# Stay away from someone who lives with us



## jessjeric (Oct 22, 2013)

So I just moved back in with my parents. While I was gone my Grandpa moved in. He is a grumpy old man to say the least, convinced Veda is a coyote and belongs outside. He's old and grew up in a time and country where all dogs belonged outside and were used for work only, not a part of the family, etc. 
Our older dog Jack has been smacked and kicked by Grandpa enough he knows to stay out of his way and ignore him now. Veda doesn't. When he comes out of his room, I have to hold her back to keep her away from him. We put up gates to keep Veda and Grandpa separated throughout the house but if he needs to use the kitchen or whatever that doesn't really work. I can't always be there when he decides to come out of wherever he's been at the time and that worries me. He kicked Veda for the first time the other day (because "this GD coyote" was in his way) and I nearly smacked him. I've already asked him to just ignore her and if she's doing anything that's bothering him to just let me know. He forgets things and also chooses to ignore other things so I don't really know what to do 
Is there any way to train my puppy to stay away from him? I feel like I'm constantly distracting her or holding her back to keep her away.


----------



## Msmaria (Mar 2, 2013)

Have you talked to your parents about how you feel and what is happening? What is their thoughts on the matter. it might help if they asked your grandpa to respect their home and not kick their dog.
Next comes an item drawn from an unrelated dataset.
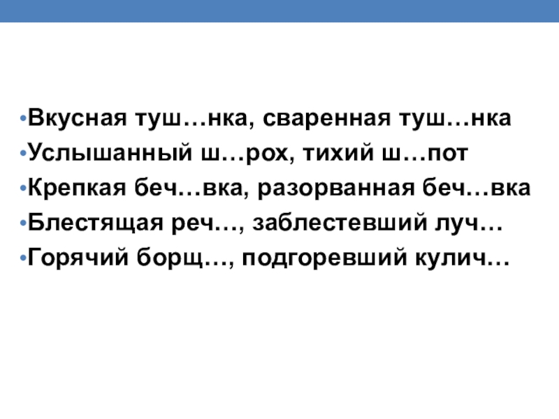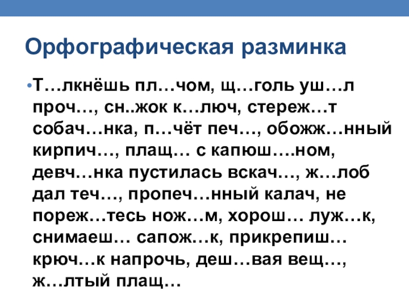 печ…, обожж…нный кирпич…, плащ… с капюш….ном, девч…нка пустилась вскач…, ж…лоб дал теч…, пропеч…нный калач, не пореж…тесь нож…м, хорош… луж…к, снимаеш… сапож…к, прикрепиш… крюч…к напрочь, деш…вая вещ…, ж…лтый плащ…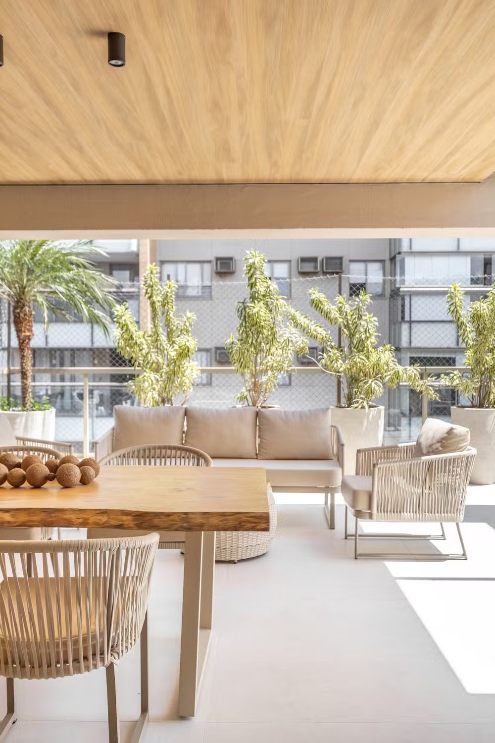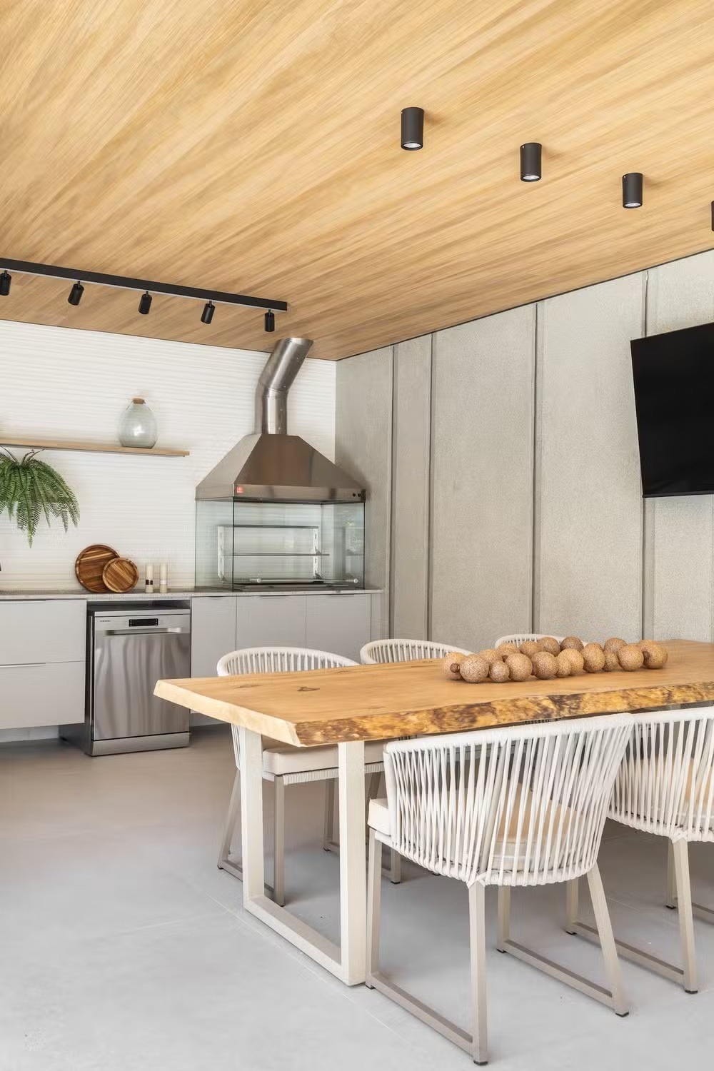 A área externa também conta com uma parede em drywall com textura de microsseixos e iluminação LED. “O teto vinílico na área gourmet trouxe aconchego, enquanto o paisagismo foi projetado para complementar a estética”, afirma Shayanne.

Being old or growing up in another time is not an excuse. I say that in the nicest way.

EDIT: Sorry I didnt read too well. I see you noted hes forgetful, so maybe some dementia....so Im a little more understanding. But I would still talk to my parents and ask them have a talk with him.


----------



## jessjeric (Oct 22, 2013)

They have... He just doesn't care  My mom said to just keep doing what I've been doing and do my best to keep her away from him. 
I wish grandpa could have a fence around him at all times 


Sent from Petguide.com Free App


----------



## stmcfred (Aug 13, 2013)

If moving out isn't an option would you be able to tether her to you?


----------



## MilesNY (Aug 12, 2010)

I stayed with my parents for 3 days a week during nursing school. Even though they love my dogs, asking them to deal with dogs running around all the time was not something I was comfortable doing since they were being so generous as to let me stay there. They have a border collie, so my border collie was allowed loose all the time. My shepherds were a different story. I only had them out when I was out and watching them. If I was at clinical or going out, I would crate them or shut them in my room. It had no ill effects what so ever. It wasn't that they were bad (although one was a puppy) but my male is big and he is just naturally in the way sometimes as well as slightly pushy about being cuddled and played with. Keeping control was the best situation, so he could spend time with his "gramps" without over staying his welcome. 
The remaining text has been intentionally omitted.